- **REQUIREMENT**
A picture-free, exact reproduction of the listing that follows is required.

== SOURCE DATA

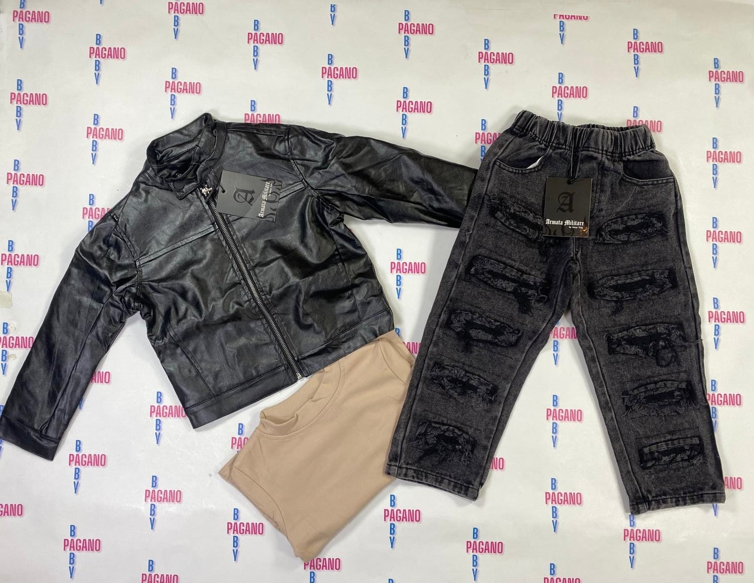 Set ARMATA MILITARE BOY con jeans, lupetto e giubbotto in simil pelle!
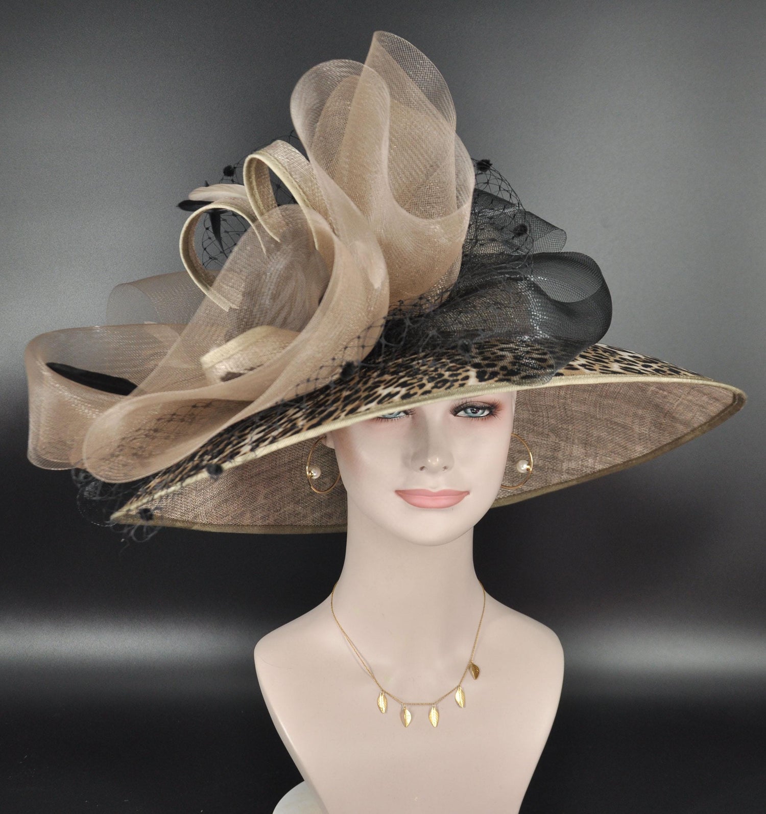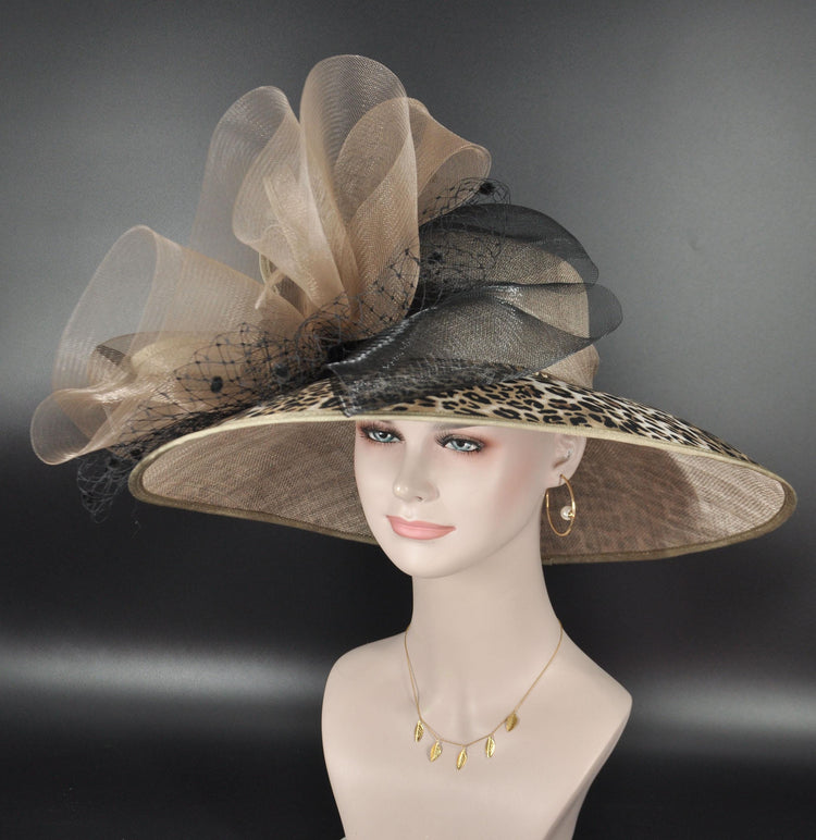 Unleash your wild side with this striking leopard print wide-brim Derby hat! Designed for those who love to stand out, this exquisite hat features a bold animal print complemented by a sophisticated taupe sinamay crown. A dramatic black and tan bow, adorned with delicate netting and subtle black accents, adds the perfect finishing touch.
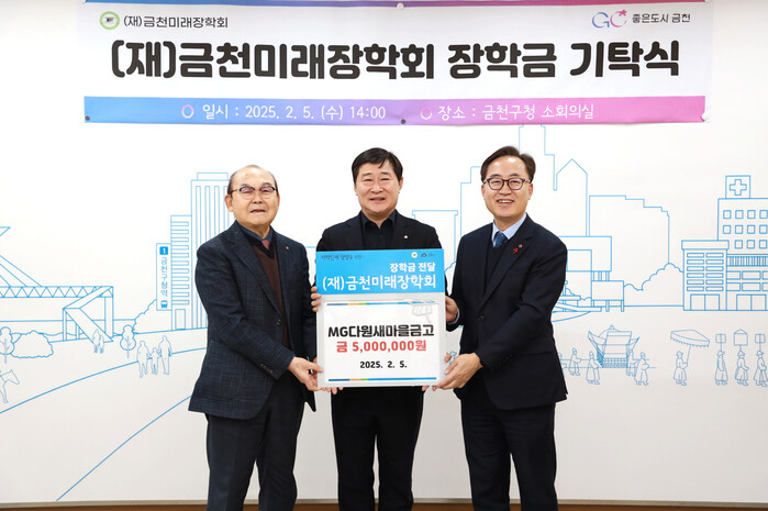 서울 금천구가 지난 5일 (재)금천미래장학회에서 MG다원새마을금고와 남헌모씨의 장학금 기탁식을 열었다. MG다원새마을금고는 지난해 2월에 이어 2025년에도 500만원을 기탁하며 지역 인재 육성을 위한 지원을 이어갔다. 사진은 기탁식에서 이충원 MG다원새마을금고 이사장(가운데)과 박준식 금천미래장학회 이사장(왼쪽), 유성훈 구청장(오른쪽)이 기념촬영을 하고 있는 모습. (사진=금천구청 제공)
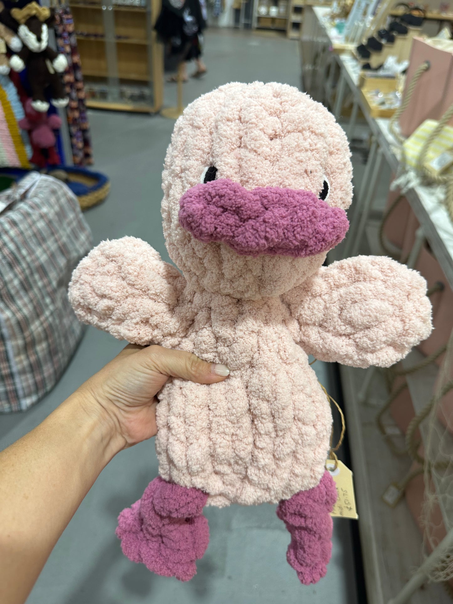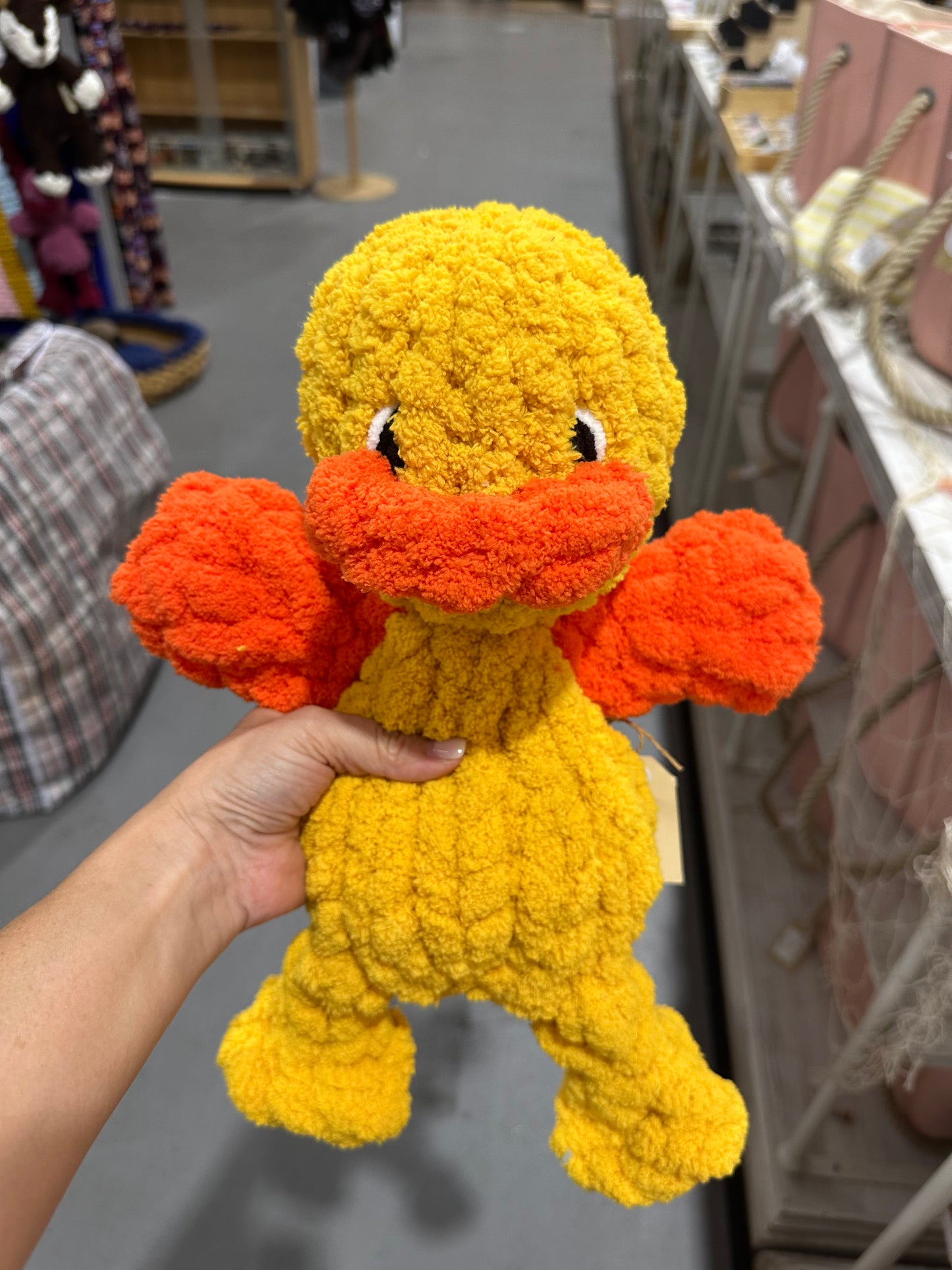 Meet Marley Duck – a soft and cuddly mini snuggler, approximately 16 inches tall. Marley features a plush-filled head and a body made from our signature chunky blanket yarn, offering a cosy, blanket-like feel with every cuddle.

====

- **REPLY**
 Set ARMATA MILITARE BOY con jeans, lupetto e giubbotto in simil pelle!
 Unleash your wild side with this striking leopard print wide-brim Derby hat! Designed for those who love to stand out, this exquisite hat features a bold animal print complemented by a sophisticated taupe sinamay crown. A dramatic black and tan bow, adorned with delicate netting and subtle black accents, adds the perfect finishing touch.
 서울 금천구가 지난 5일 (재)금천미래장학회에서 MG다원새마을금고와 남헌모씨의 장학금 기탁식을 열었다. MG다원새마을금고는 지난해 2월에 이어 2025년에도 500만원을 기탁하며 지역 인재 육성을 위한 지원을 이어갔다. 사진은 기탁식에서 이충원 MG다원새마을금고 이사장(가운데)과 박준식 금천미래장학회 이사장(왼쪽), 유성훈 구청장(오른쪽)이 기념촬영을 하고 있는 모습. (사진=금천구청 제공)
 Meet Marley Duck – a soft and cuddly mini snuggler, approximately 16 inches tall. Marley features a plush-filled head and a body made from our signature chunky blanket yarn, offering a cosy, blanket-like feel with every cuddle.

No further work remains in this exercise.